The National Program for Playground Safety has been studying ways to make playgrounds more exciting but just as safe. For example, director Donna Thompson said, raising the height of a balance beam increases risk. But the walk across a lower beam can be made more challenging by adding curves, tipping it to one side, or angling it up, then down.
A few cities are blending landscaping and other custom touches with playground equipment, Norquist said. But with schools and parks hamstrung by budget cuts, he said, "That is definitely the exception."
Manufacturers try to jazz up playgrounds by adding colors, shapes and textures to the poured rubber surfacing. Norquist, who grew up playing in the woods and crossing a 40-foot-high ravine on a log, said one of PlayCore's new structures tries to copy the fun of a treehouse.

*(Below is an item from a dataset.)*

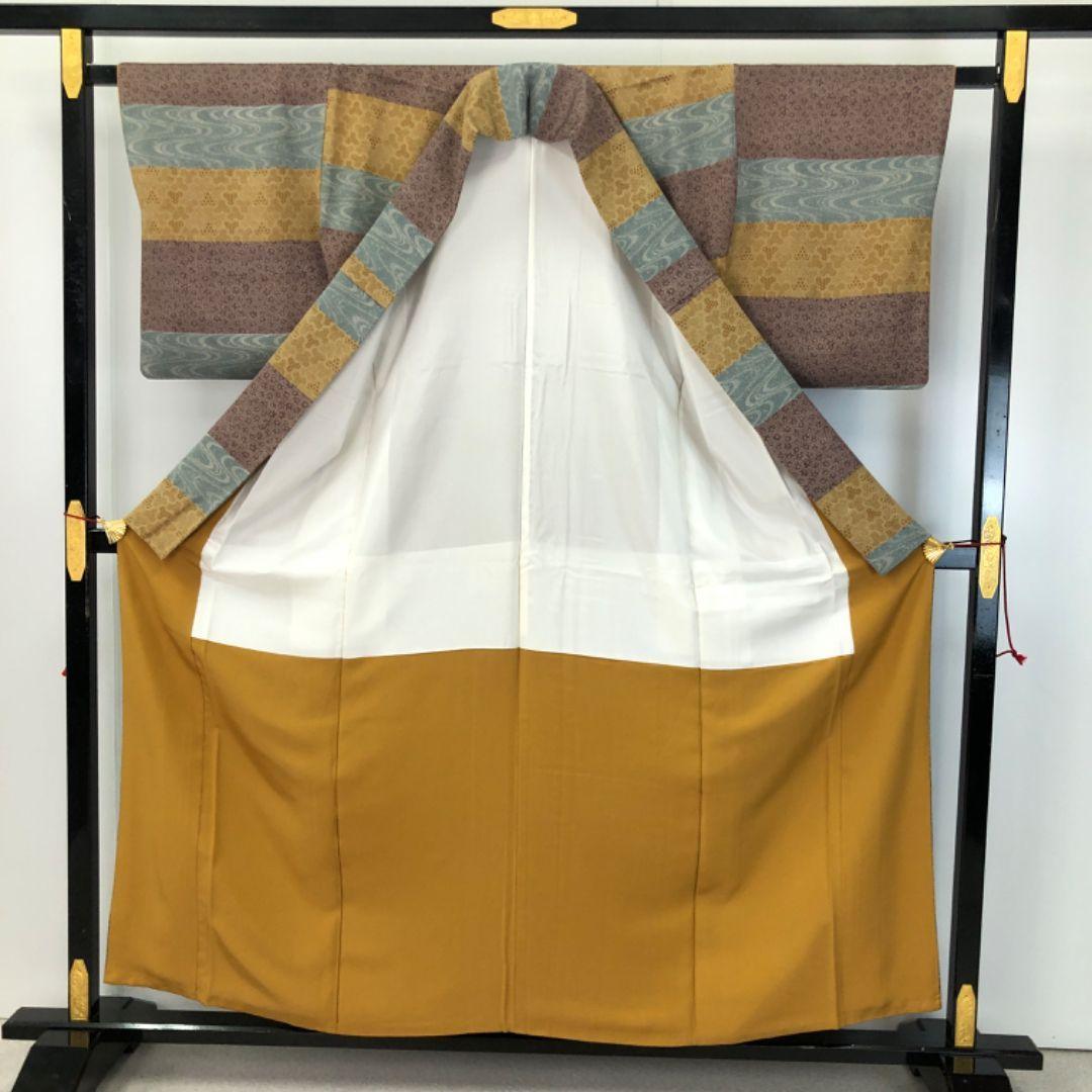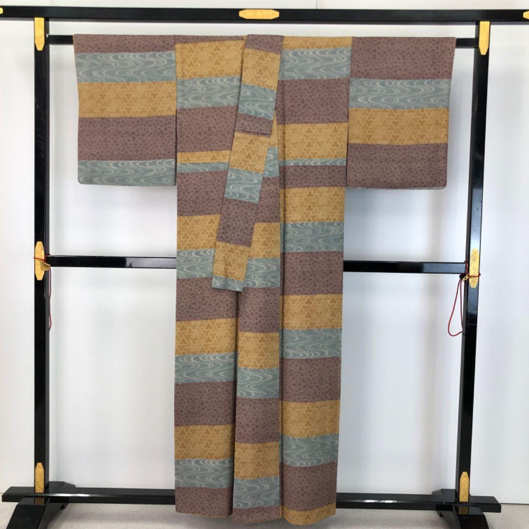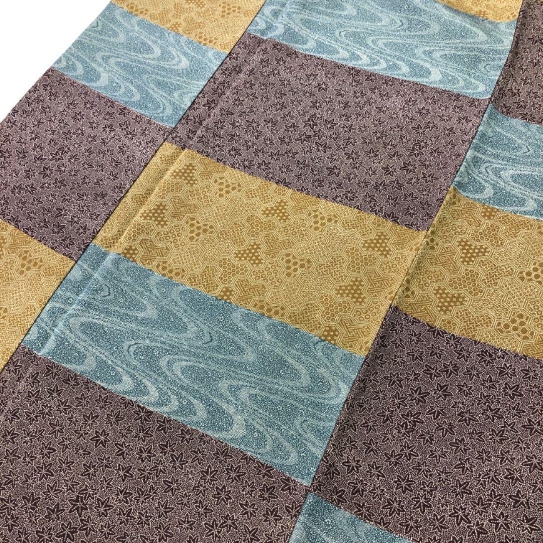小紋 寄せ柄 毘沙門亀甲 紅葉 流水 縮緬 K-4636 着物 きもの kimono 和服 和装 中古 リサイクル着物 【送料無料】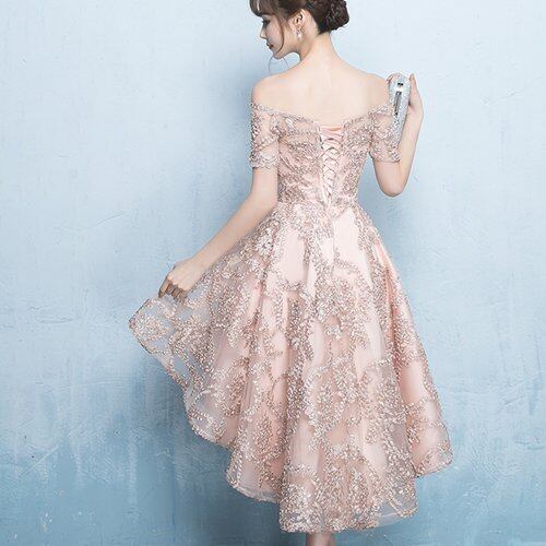 パーティードレス 結婚式 二次会 発表会 演奏会 お呼ばれ パーティー フィッシュテール 刺繍 半袖 シースルー オフショルダー 大きいサイズ バックシャン レースアップ パーティードレス 結婚式

As for Gigi's parents, they like the childhood experts' ideas about adding bushes for hiding, hills for climbing, water for splashing, and small pieces to move.
Gigi gathers a few bits of gravel to pile on a metal bridge, then wanders off to pick clover, while her parents talk animatedly - the way grown-ups do when asked about the playgrounds of their childhood.
"You know what we never see anymore? The merry-go-round. I loved that! I would ride until I was nauseous," says her father, Michael McGaughey.
"But somebody was always flying off," Gigi's mother gently reminds him.